In the comparison we seek, it is sufficient to compare the numerators of Eqs. (3) and (4), as will become clear shortly. Thus, let us begin by looking at the numerator in Eq. (3), which is the covariance between the product score and one of its components, X₁, when X₁ and X₂ are in their original (uncentered) form.
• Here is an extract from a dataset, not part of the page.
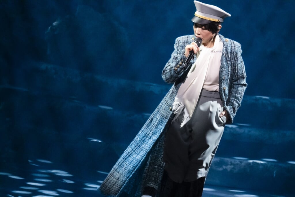 中盤のMCでは、今回のアルバム制作の核心が語られる。レコーディングには“第三の声=Yumi AraI”が参加していたものの、「残念ながら、ライブでそれを表現するには、今のテクノロジーでは間に合いません。だから今回はAIはなし」と、今回のコンサートツアーでは今の自分の声で歌うことを明かす。聞くところによれば、驚くべきことに、この制作過程でユーミンの音域は約1オクターブ半をカバーするまでに戻ったという。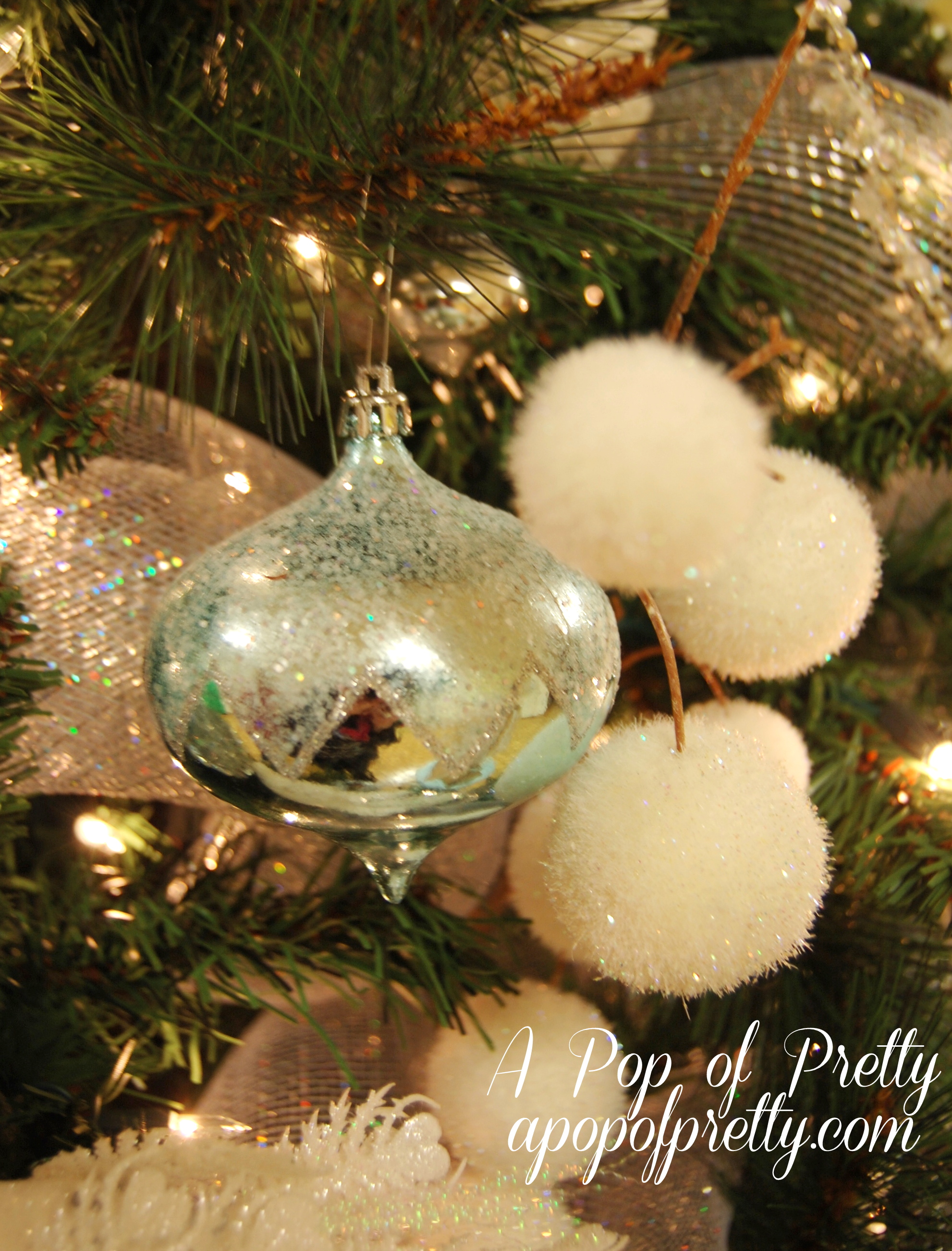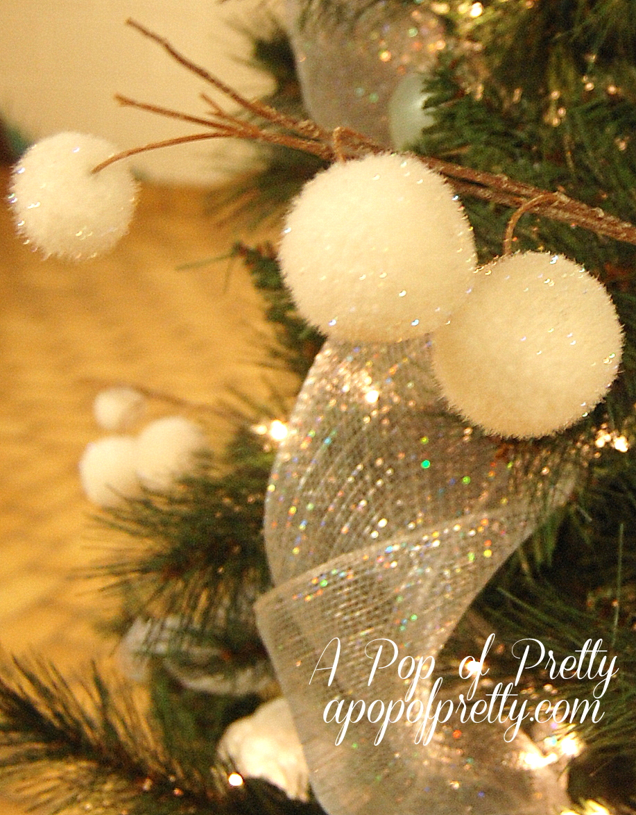 These snowball branches inspired the theme. When I spotted them, they gave me a vision for the tree, and helped in narrowing down the other ornaments to buy.

It has been shown that the covariance between a product score and another variable may be written as follows (under multivariate normality, Arnold & Evans, 1979; Bohrnstedt & Goldberger, 1969; Goodman, 1960):

$$ cov\left( AB,C\right)=\upvarepsilon (A)cov\left(B,C\right)+\upvarepsilon (B)cov\left(A,C\right). $$

(5)

The notation ε(A) stands for the expected value of all A’s in the population distribution; alternatively, μ_A. Thus, for our purposes, the numerator in Eq. (3) may be written as:

$$ cov\left(\left({X}_1{X}_2\right),{X}_1\right)=\upvarepsilon \left({X}_1\right)cov\left({X}_1,{X}_2\right)+\upvarepsilon \left({X}_2\right)cov\left({X}_1,{X}_1\right). $$

(6)

Note that the last term in Eq. (6) is actually a variance, hence:

$$ cov\left(\left({X}_1{X}_2\right),{X}_1\right)=\upvarepsilon \left({X}_1\right)cov\left({X}_1,{X}_2\right)+\upvarepsilon \left({X}_2\right)var\left({X}_1\right). $$

(7)

For comparison, let’s next consider the numerator of Eq. (4), which is the covariance of the product score and one of its components when the predictor variables have been mean centered. According to Eq. (5), the covariance between $ \left({X}_1-{\overline{X}}_1\right)\left({X}_2-{\overline{X}}_2\right) $ and $ \left({X}_1-{\overline{X}}_1\right) $ may be written as:

$$ \begin{array}{l}cov\left(\left(\left({X}_1-{\overline{X}}_1\right)\left({X}_2-{\overline{X}}_2\right)\right),\left({X}_1-{\overline{X}}_1\right)\right)\\ {}=\upvarepsilon \left(\left({X}_1-{\overline{X}}_1\right)\right)cov\left(\left({X}_1-{\overline{X}}_1\right),\left({X}_2-{\overline{X}}_2\right)\right)+\upvarepsilon \left(\left({X}_2-{\overline{X}}_2\right)\right)var\left(\left({X}_1-{\overline{X}}_1\right)\right).\end{array} $$

(8)

At this point, the easy observation is made that the covariance in (the left side of) Eq. (8) is expected to be zero because the expected values of deviations for X₁ is zero, $ \upvarepsilon \left(\left({X}_1-{\overline{X}}_1\right)\right)=0 $, as is that for X₂, $ \upvarepsilon \left(\left({X}_2-{\overline{X}}_2\right)\right)=0 $ for normally distributed variables, (see Appendix 1 for the proof). Of course, the fact that the expected (or average) values of these mean centered variables are zero does not imply that in any given data set the covariance (and hence the correlation) will be precisely zero. However, on average, the covariances (and correlations) will be zero.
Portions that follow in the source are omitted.